Santa Fe Moon
It's a chilly New Year's Eve
in California's Central Valley and in 30 minutes a new year will sweep
across the Western time zone resulting in an audible din echoing down every
street within earshot.
It's December 31, 1990
and a full moon a' risin'. It's the second full moon to appear this month,
thus qualifying it as an official "Blue Moon." According to t.v. reports,
a Blue Moon occurring on a New Year's Eve is a rare event, as rare as The
Pope in a Protestent church.
Seen with this rare Blue
Moon is the main subject of this photo: Santa Fe B23-7 No. 6356, a 2,250
hp product of General Electric delivered to the Santa Fe Railway in 1978.

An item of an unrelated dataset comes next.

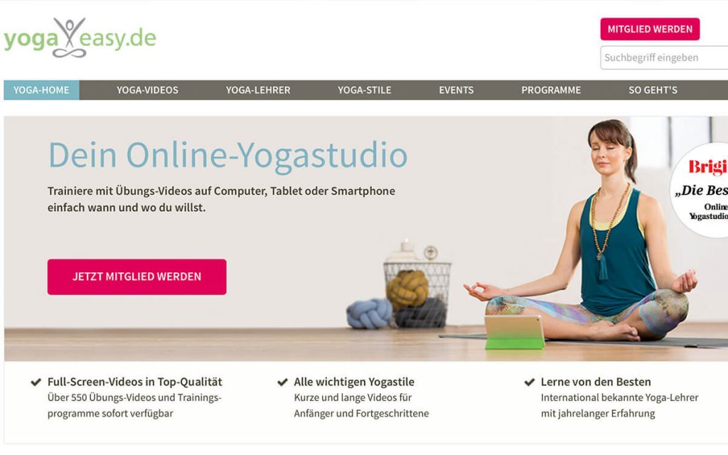 Mit YogaEasy, deinem Online-Yogastudio, kannst du Yoga üben immer und überall. Alles was du brauchst ist eine Matte und ein Computer, Tablet oder Smartphone. Eine Reihe international bekannten Yoga-Lehrern zeigen dir in Übungsvideos, wie du die verschiedensten Yoga-Übungen richtig machst. Yoga Easy wurde von der Frauen-Zeitschrift Brigitte als „Die Besten.“ im Online-Yogastudio-Test ausgezeichnet.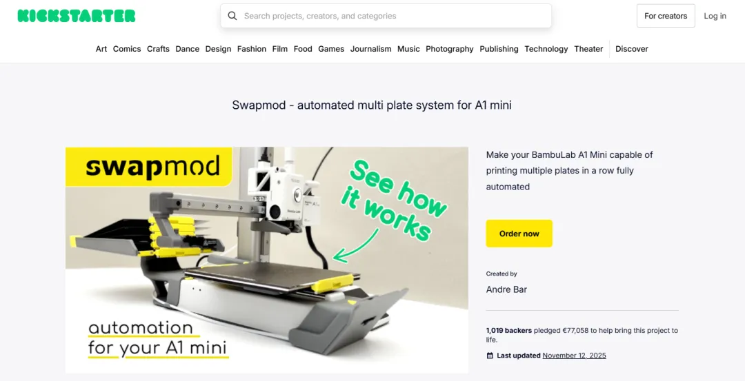 那套东西也在Kickstarter上众筹成功了。但Swapmod是Andre独立为拓竹A1 Mini重新设计的版本,结构更简单,可靠性更高。

As locomotives go, it's not particularly noteworthy. The B23-7 pioneered
no new technology, didn't break any sales records at G.E. and wasn't even
all that reliable!
But
here it is: at Riverbank, California, on a New Year's Eve. A portrait of
a roadswitcher, a blue-collar locomotive at rest on a quiet holiday evening
with a Blue Moon shining overhead. In five years time the Santa Fe will
merge with the BNSF and in 2003, the classic Santa Fe depot (in the second
photo) will be destroyed by fire.
What this photo doesn't
show is the passionate New Year's kiss this photographer received upon
returning home.
Photo Details
Shot with a Nikon
FM2 using a 24mm Nikkor lens. The moon was exposed first, handheld at 1/125th
at f5.6. The camera was then mounted on a tripod and positioned for the
main photo, exposed for 10 seconds at f5.6.